The next level functionality, Windows Defender Application Control (WDAC) [1], however, is. I believe Microsoft was offering up to a $1M bug bounty for WDAC bypasses?
With WDAC kernel mode code integrity enabled, only trusted digitally signed kernel modules can be loaded into the OS kernel [2]. WDAC user mode code integrity provides the aforementioned protection AppLocker provides.
With AppLocker / WDAC enabled, the OS built-in script interpreters (Windows Script Host, PowerShell) either refuse to execute unsigned scripts completely or operate in restricted mode with reduced functionality.
- By comparison, Linux only has fapolicyd which is only supported on Red Hat and can only rely on path-based rules because binaries are not directly signed on Linux. None? of the common interpreted languages (Python, Perl, Ruby, Bash) on Linux support digitally signed scripts and locking down interpretation.
* Authentication material protection - Windows has Credential Guard [3] for protection of authentication material - Kerberos tickets and other material are placed in a separate container protected by hardware virtualization [2] and accessed via RPC so you can't dump process memory to compromise them. Even kernel level compromise is not enough.
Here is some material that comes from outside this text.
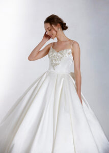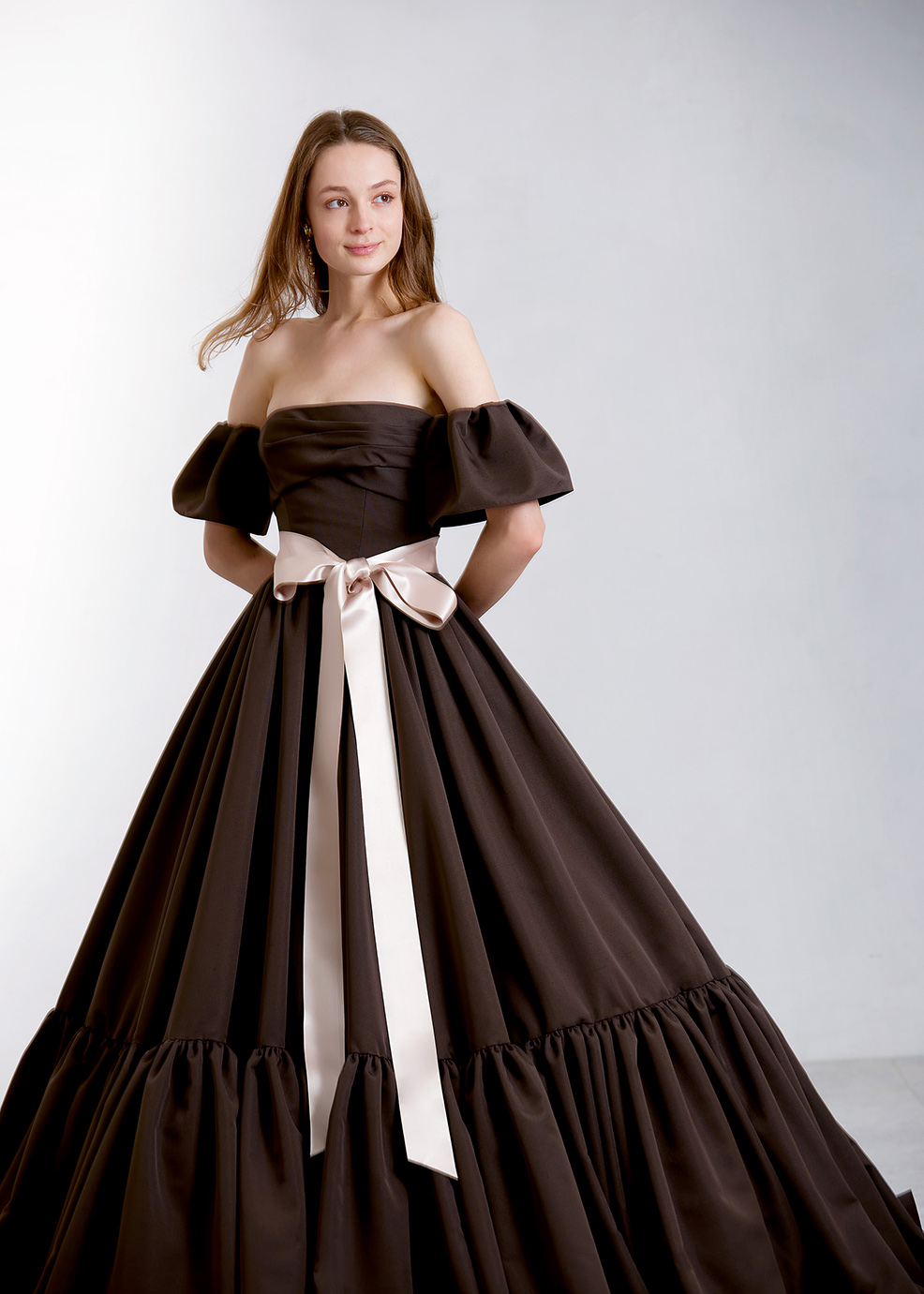 交織ミカドの張り感でスカートをたくしあげて作ったバックスタイルのリボンが特徴的なドレス。身頃はコンパクトさとすっきり感があるデザインに。ボレロには繊細なシャンテリーレースを使用し華奢な印象をプラスしています。ロイヤルウエディングを思わせつような上品さと華やかさを兼ね備えたウェディングドレス。

- By comparison, Kerberos tickets on Linux reside as files on disk, SSH user & host keys reside as files on disk and loaded into sshd/gpg-agent memory, x.509 keypairs reside as files on disk & process memory etc etc. Wouldn't it be nice to have them protected somehow? To my knowledge, nothing exists for this on Linux.
>- By comparison, Kerberos tickets on Linux reside as files on disk, SSH user & host keys reside as files on disk and loaded into sshd/gpg-agent memory, x.509 keypairs reside as files on disk & process memory etc etc. Wouldn't it be nice to have them protected somehow? To my knowledge, nothing exists for this on Linux.
I have always wondered about that; there has to be a more secure control method for those secrets.
> Can someone explain to me why the protections that Falcon provides, are not provided by the OS itself?
They are. It doesn't, y'know, do anything. It ticks the box for your auditors and occasionally makes your computers stop running, which is par for the course in regulated environments.